Matti Rantanen

Personal information
- Born: 20 February 1911
- Died: 1996

Chess career
- Country: Finland

= Matti Rantanen (chess player) =

Finnish chess player

Matti Rantanen (20 February 1911 – 1996) was a Finnish chess player, four-time Finnish Chess Championship medalist (1948, 1955, 1960, 1966).

==Biography==
From the late 1940s to the late 1960s, Matti Rantanen was one of Finland's leading chess players. In Finnish Chess Championships he has won three silver (1955, 1960, 1966) and bronze (1948) medals.

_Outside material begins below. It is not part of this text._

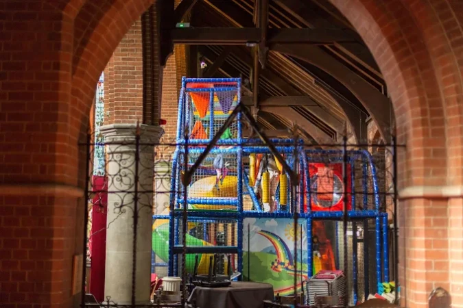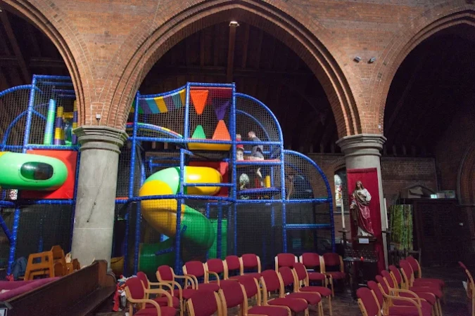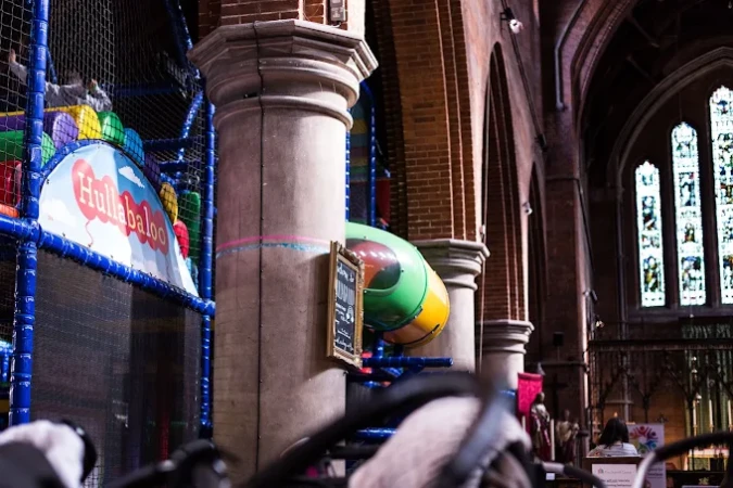 The Sheriff Centre (Hullabaloo Soft Play) in West Hampstead, London, is a colourful and imaginative soft play area uniquely set within the beautiful arches of St James’ Church. Designed for babies and young children, it’s a one-of-a-kind family venue blending play, community, and relaxation.

Matti Rantanen played for Finland in the Chess Olympiads:
- In 1954, at first reserve board in the 11th Chess Olympiad in Amsterdam (+5, =2, -4),
- In 1956, at third board in the 12th Chess Olympiad in Moscow (+4, =8, -2),
- In 1958, at third board in the 13th Chess Olympiad in Munich (+1, =6, -6),
- In 1960, at third board in the 14th Chess Olympiad in Leipzig (+6, =3, -7),
- In 1962, at third board in the 15th Chess Olympiad in Varna (+4, =8, -4),
- In 1964, at first reserve board in the 16th Chess Olympiad in Tel Aviv (+4, =4, -3),
- In 1966, at fourth board in the 17th Chess Olympiad in Havana (+3, =5, -4).

Matti Rantanen played for Finland in the European Team Chess Championship preliminaries:
- In 1961, at third board in the 2nd European Team Chess Championship preliminaries (+0, =2, -2).